> **TASK PROMPT**:
Beneath this line sits some data. Return only its lines from the one holding "MV2* NH - 2c purple Vacation Pay" through the one holding "Roof Bars (Through", inclusive, exactly, with the images removed.

Source data:
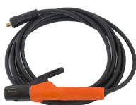
Welding cable 5 m 16 mm 2
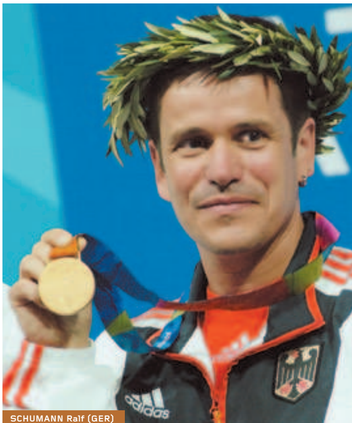
SCHUMANN Ralf (GER)

OBTENCIÓN DE MEDALLAS EN EVENTOS OLÍMPICOS POR NOC EN COMPETENCIAS DE PISTOLA VARONIL INDIVIDUAL Y POR EQUIPO 1896-2008
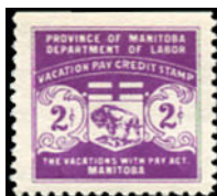
MV2* NH - 2c purple Vacation Pay
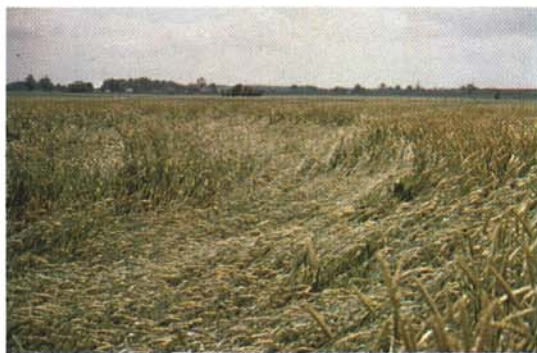
20. LODGING: Falling over of plants at the base, usually associated with root rots. Wind damage on wheat.
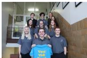
High School Scholastic Bowl
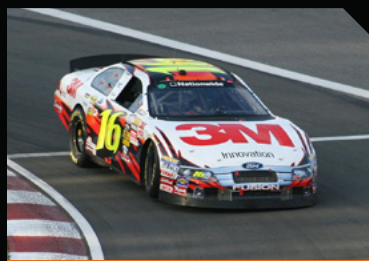
NASCAR Nationwide Series
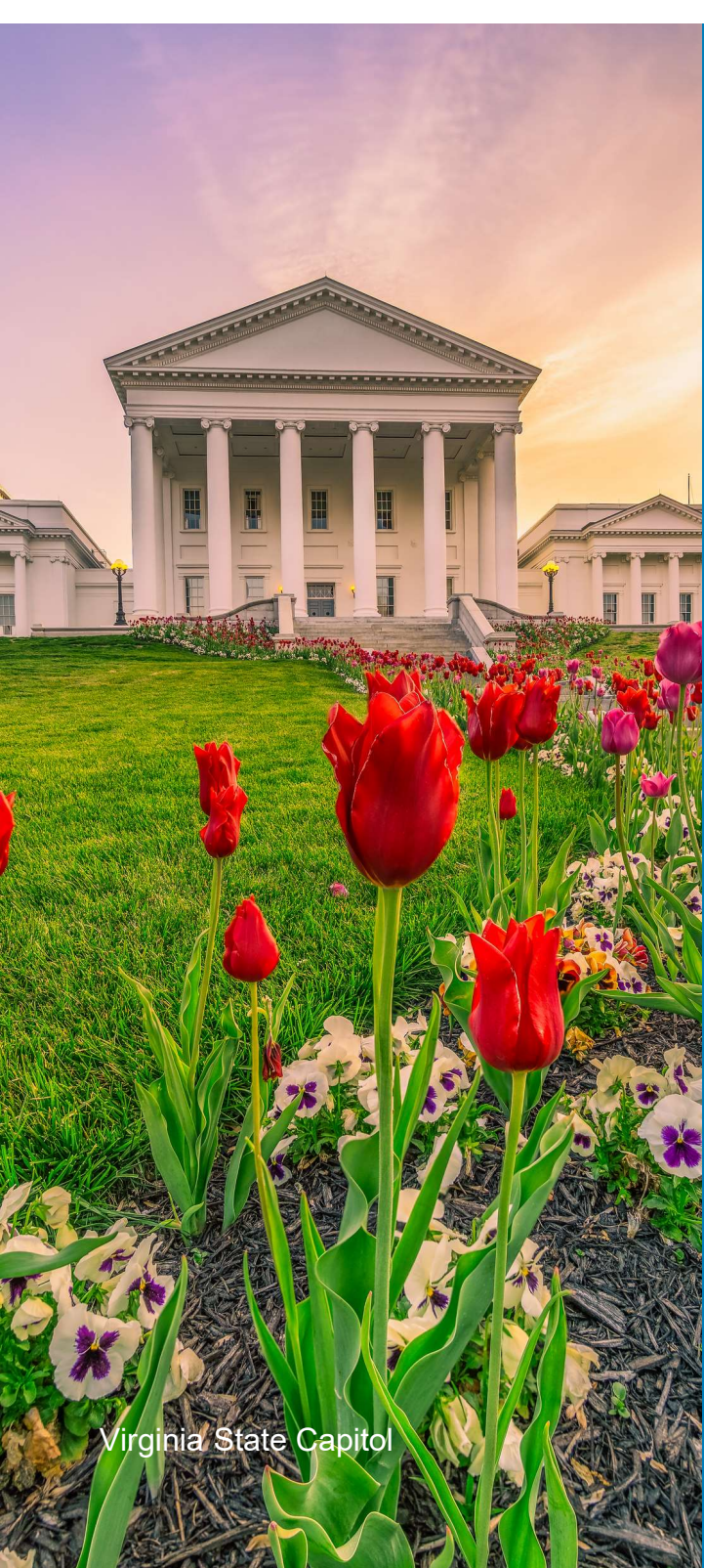
Virginia State Capitol
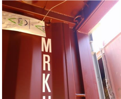
II. Put cable tie through hole Backside
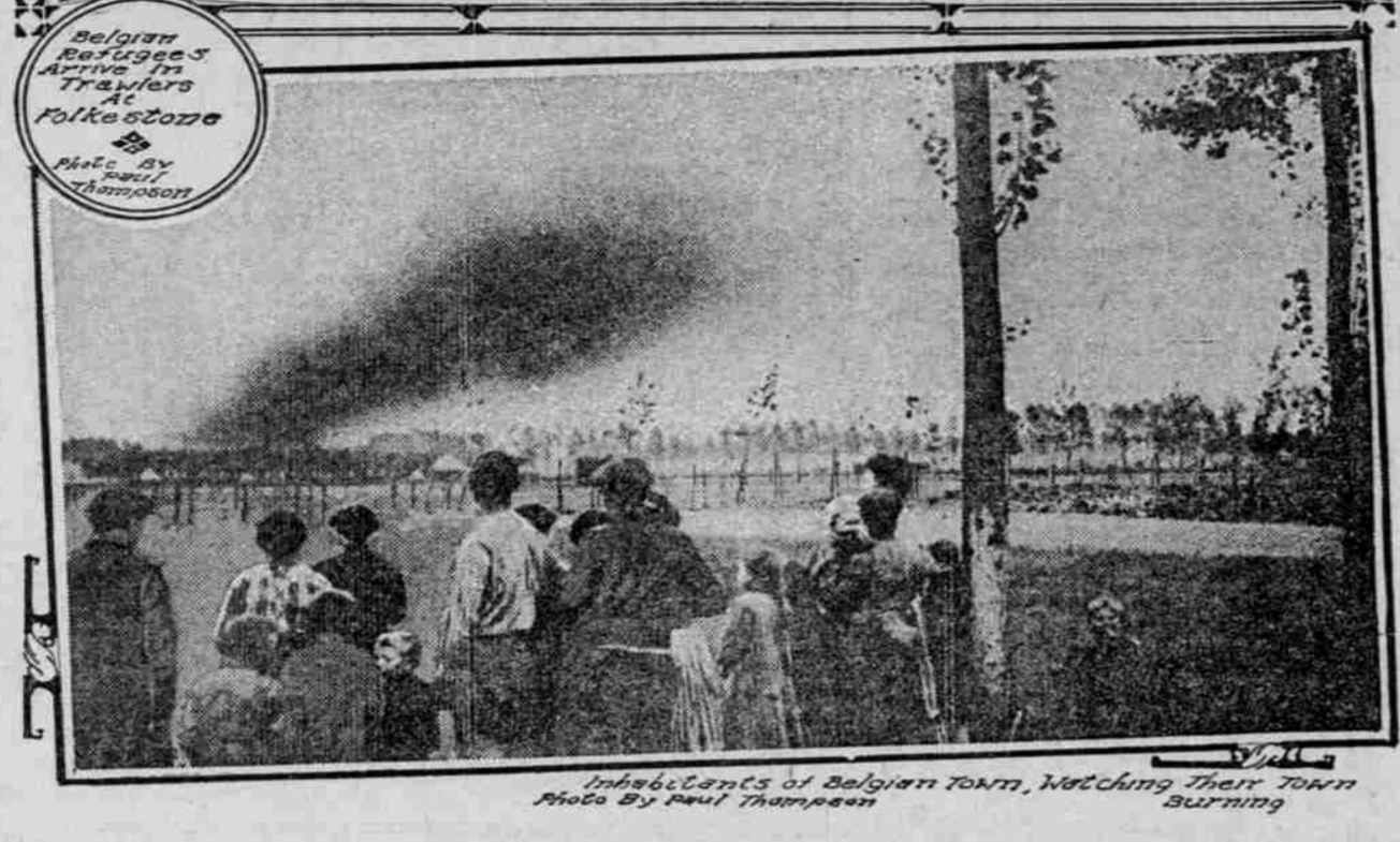
Inhabitants of Belgian town, watching their town being burned.
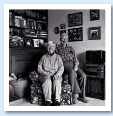
The Cassies, Otago
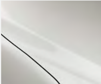
Arctic White Mica

Every Mazda is designed and built to the highest standards of performance and reliability. To give you further reassurance on how much we believe in our vehicles, our Mazda vehicles are backed up by a 3-year, Unlimited Kilometre Factory Warranty.
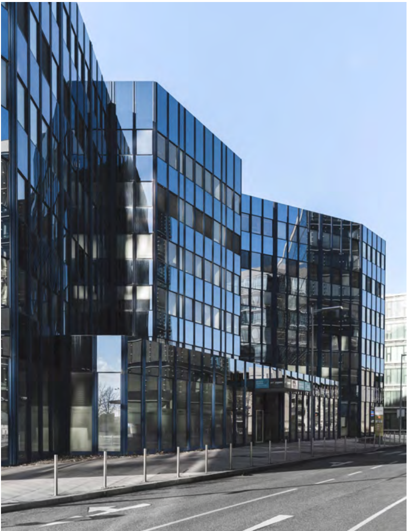
Health Center Vienna Airport, 1300 Schwechat
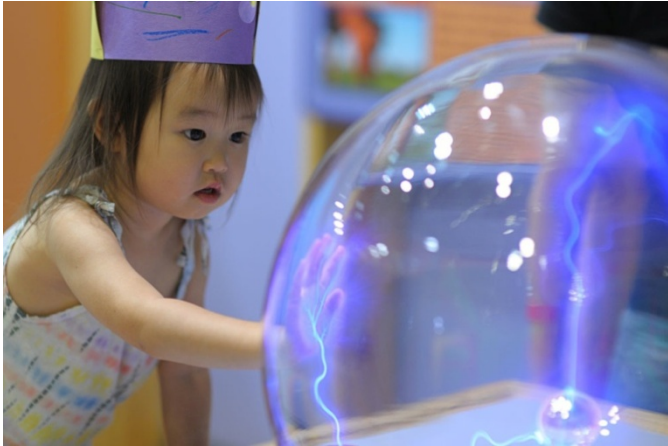
Photo: Inventors' Clubhouse, Creative Discovery Museum.

connections to the community and provide educational support to schools and social service agencies. In addition to the cost savings and revenue generated for the Aquarium, the consolidation enabled the museums to undertake a joint fundraising and capital campaign that raised $120 million.
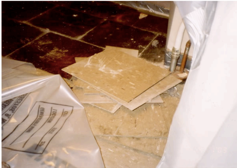
Photo #1 - This asbestos-containing floor tile was removed using a putty knife and a hammer. The tile remained in whole pieces with little breakage.

The following series of pictures of floor tile removal projects is for illustrative purposes. The floor tiles in all these pictures were removed using hand tools by licensed asbestos abatement contractors.
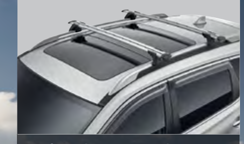
Roof Bars (Through Style) Attractive and practical Roof Bars with a sleek finish and maximum carrying capacity of 80kg.
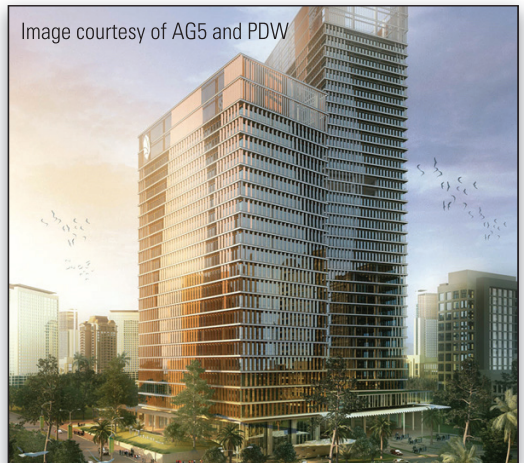
The Gran Rubina, an office building in Jakarta, Indonesia, focuses heavily on sustainable design solutions, particularly social sustainability and low energy usage
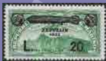
Lot ex 2062 Est £65
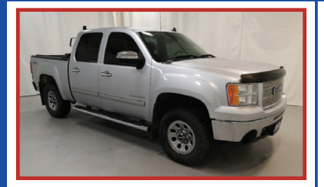
2013 GMC Thunder Bay Sierra 1500 SL Nevada
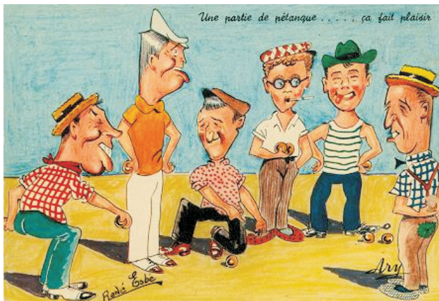
A game of Pétanque...it's a pleasure (...and don't we know it)

"Coonawarra – Australia's other Red center"
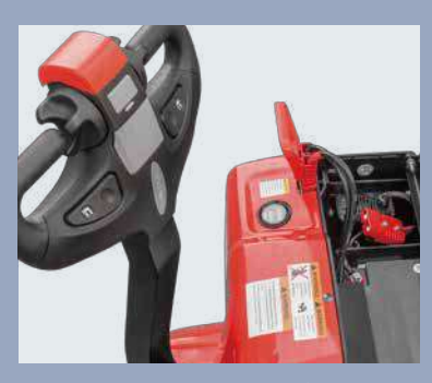
Built-in charger and maintenance free batter
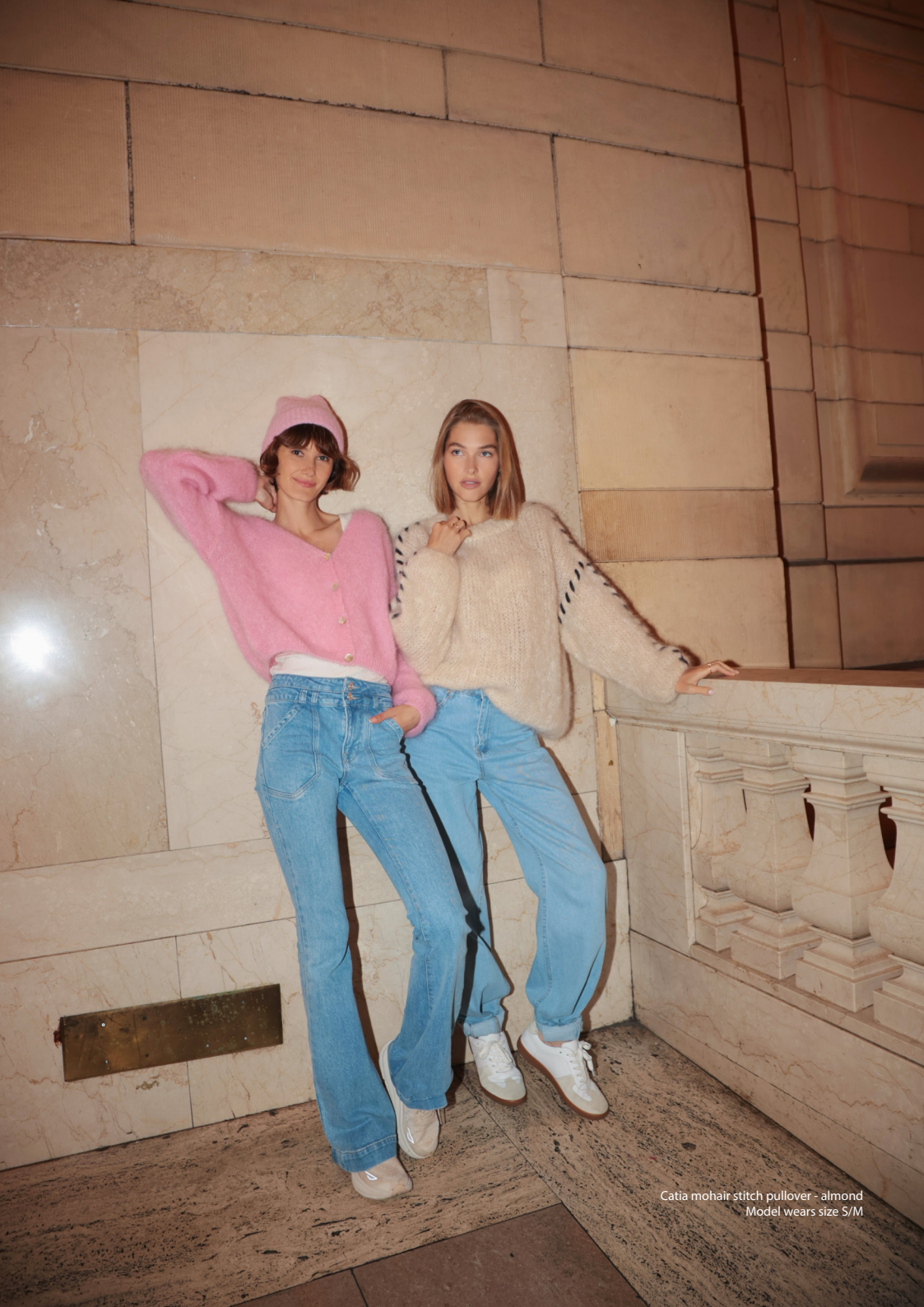
Catia mohair stitch pullover - almond Model wears size S/M
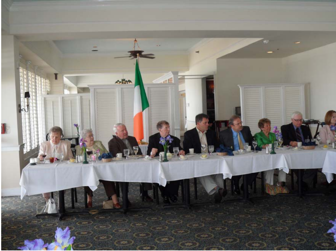
Figure 4 Attendees at the luncheon
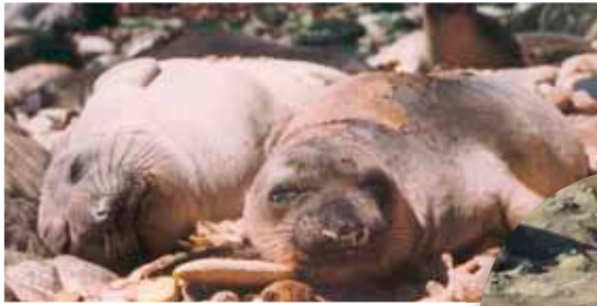
Young elephant seals napping At right: adult male elephant seal
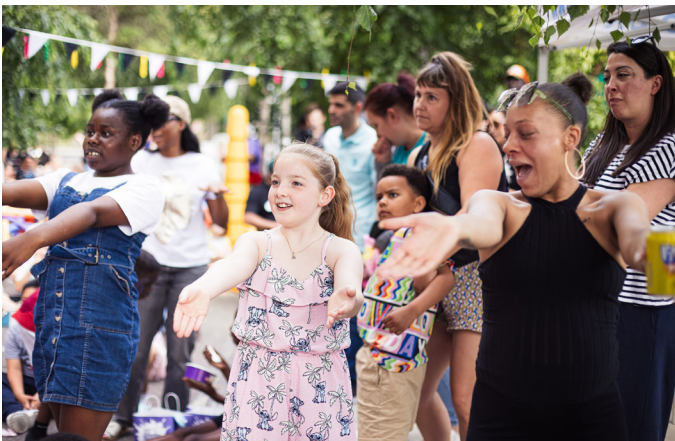
Hackney Showroom street party

Hackney Giving runners raised almost £1,000, which we combined with funding from other donors and put towards grants to fund street parties to bring people together and reduce isolation.
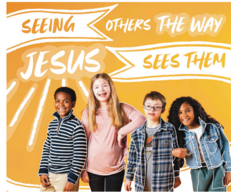
FEBRUARY | WHAT JESUS TAUGHT US ABOUT HOW TO TREAT OTHERS
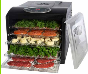
Sunbeam Food Lab Electronic Food Dehydrator Black

> **YOUR RESPONSE**:
MV2* NH - 2c purple Vacation Pay
20. LODGING: Falling over of plants at the base, usually associated with root rots. Wind damage on wheat.
High School Scholastic Bowl
NASCAR Nationwide Series
Virginia State Capitol
II. Put cable tie through hole Backside
Inhabitants of Belgian town, watching their town being burned.
The Cassies, Otago
Arctic White Mica

Every Mazda is designed and built to the highest standards of performance and reliability. To give you further reassurance on how much we believe in our vehicles, our Mazda vehicles are backed up by a 3-year, Unlimited Kilometre Factory Warranty.
Health Center Vienna Airport, 1300 Schwechat
Photo: Inventors' Clubhouse, Creative Discovery Museum.

connections to the community and provide educational support to schools and social service agencies. In addition to the cost savings and revenue generated for the Aquarium, the consolidation enabled the museums to undertake a joint fundraising and capital campaign that raised $120 million.
Photo #1 - This asbestos-containing floor tile was removed using a putty knife and a hammer. The tile remained in whole pieces with little breakage.

The following series of pictures of floor tile removal projects is for illustrative purposes. The floor tiles in all these pictures were removed using hand tools by licensed asbestos abatement contractors.
Roof Bars (Through Style) Attractive and practical Roof Bars with a sleek finish and maximum carrying capacity of 80kg.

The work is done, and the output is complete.